--spoiler--
namaz farşça bir kelimedir ve dua anlamına gelir.
--spoiler--
hep aynı hikaye. biriniz şu arkadaşa furkan suresi 77. ayetini göndersin. dua ile salat yani bizlerin adına namaz dediği şey arasındaki farkıi ayrımı gözetebilir belki. kur'an'daki kavramların semantik (anlam bilimsel) karşılıkları vardır, şöyle açıklayalım; şimdi türkiye'de namaz deyince herkesin aklına gelen şey günde beş vakit yapılan ibadettir değil mi? yani türkiye'de kimse namaz nedir diye sormaz, çünkü ''namaz'' kelimesinin anlam bilimsel literatürde ıstılahi denen karşılığını ve uygulamasını biliyordur. işte kur'an'daki salat kavramı da böyledir. hem peygamber döneminde hem peygamber dönemi öncesinde. namazın farsça olduğunu biliyoruz, ancak kelimelerin sözlük anlamlarını alıp fetva vermek ciddi bir sorumluluk ve cehalettir, çünkü bazı alevi dedelerinden bunu duyuyorum, konuyu açıkladıktan sonra ise makul bir cevap alamıyoruz kendilerinden bu da ayrı bir konu. çünkü bu arkadaşlar islam'ın şiarları olan ibadetlerin peygamber ile birlikte ilk defa geldiğini sanıyorlar bu ise kendilerinin kur'an hakkında zerre bilgi sahibi olmadıklarını gösteriyor.
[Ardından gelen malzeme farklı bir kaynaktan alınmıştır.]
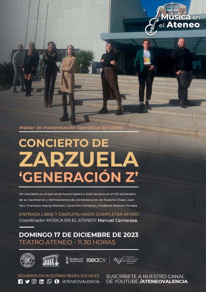 La Fundación del Ateneo Mercantil de la CV junto al Conservatorio Superior de Música "Joaquín Rodrigo" de Valencia organizan este concierto gratuito el próximo domingo 17 de diciembre a las 11.30 horas en el que tendrá una especial relevancia la Zarzuela gracias a los alumnos del Máster de Interpretación Operística del CSMV.

çünkü kur'an kendinden önceki şeraitları neshetmiyor, onları da tasdikliyor. dolayısıyla salat yani namaz olgusu yeni bir şey değildir ve kelime manasının dua olması gerçeği değiştirmez, çünkü kur'an salatı ikame etmekten bahseder.
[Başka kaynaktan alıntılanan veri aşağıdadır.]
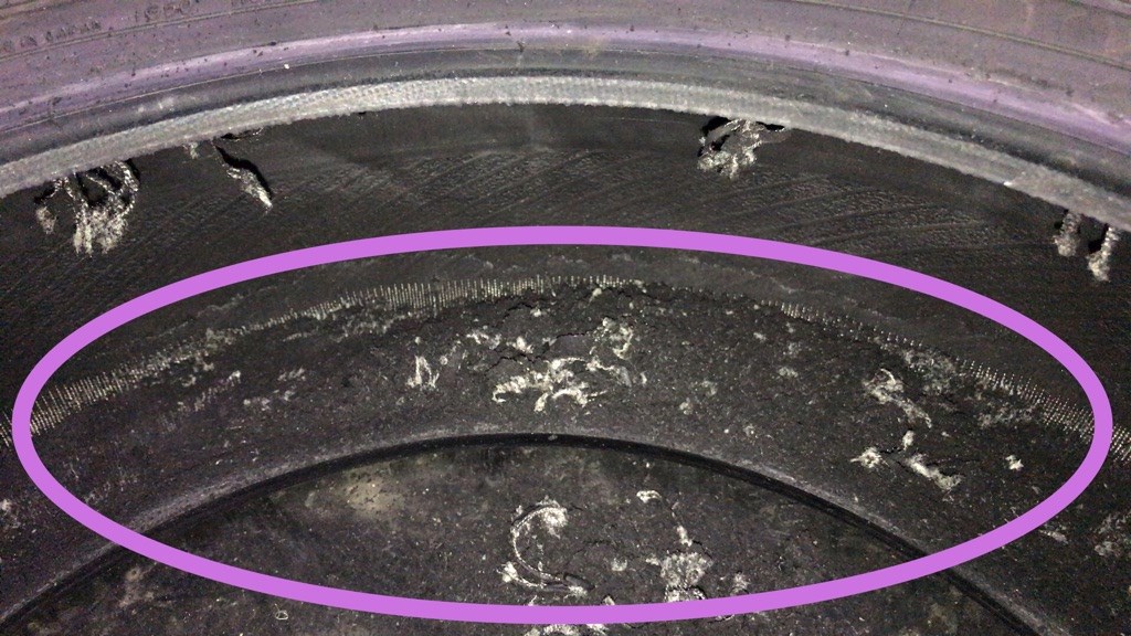 タイヤの内部がダメになっていて大量の粉が出ていました。

salat dua ise; ki sözlük anlamlarından biri de budur bu teknik olarak imkansız değildir çünkü her dilin söz ve gramer kuralları değişkendir. arapçada cümlenin anlam akışına göre 17 farklı anlama gelen sözcükler vardır. mesela türkçede ''yüz'' kaç anlama gelir? birden fazla anlama tabi ki, bu da onun gibidir.
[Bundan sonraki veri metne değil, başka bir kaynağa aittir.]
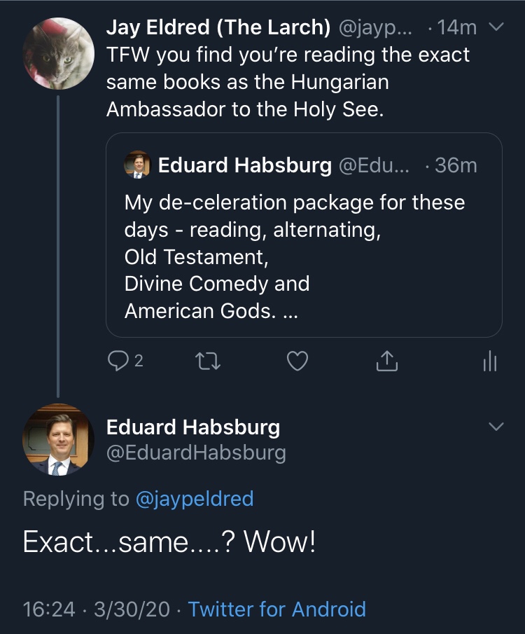 Someone please tell me what kind of timeline I’m traveling in that I get to have interactions with Eduard von Hapsburg?

çünkü kur'an'aki kavramların çoğunun içeriği böyledir, oruç yani savm; uzaklaşmak, ayırmak demektir. hac; yönelme, kasıt; hedefe alma manaları taşır. ancak bu sözlük anlamlarından farklı olarak ''ıstılahi'' manaları vardır ve bunlar zaman içinde oluşmuştur. yani sözlük anlamlarını irdeleyerek ya da ''ibadetin şekli yoktur'' gibi batıni tevillere giderek bir gerçeğin üstünü örtemezsiniz. biz bunu kabul etmiyoruz diyebilirsiniz, ancak doğrusu budur derseniz, orada durun; cehalete tahammülüm asla yoktur. hele ki bu cehalet maksatlı ise.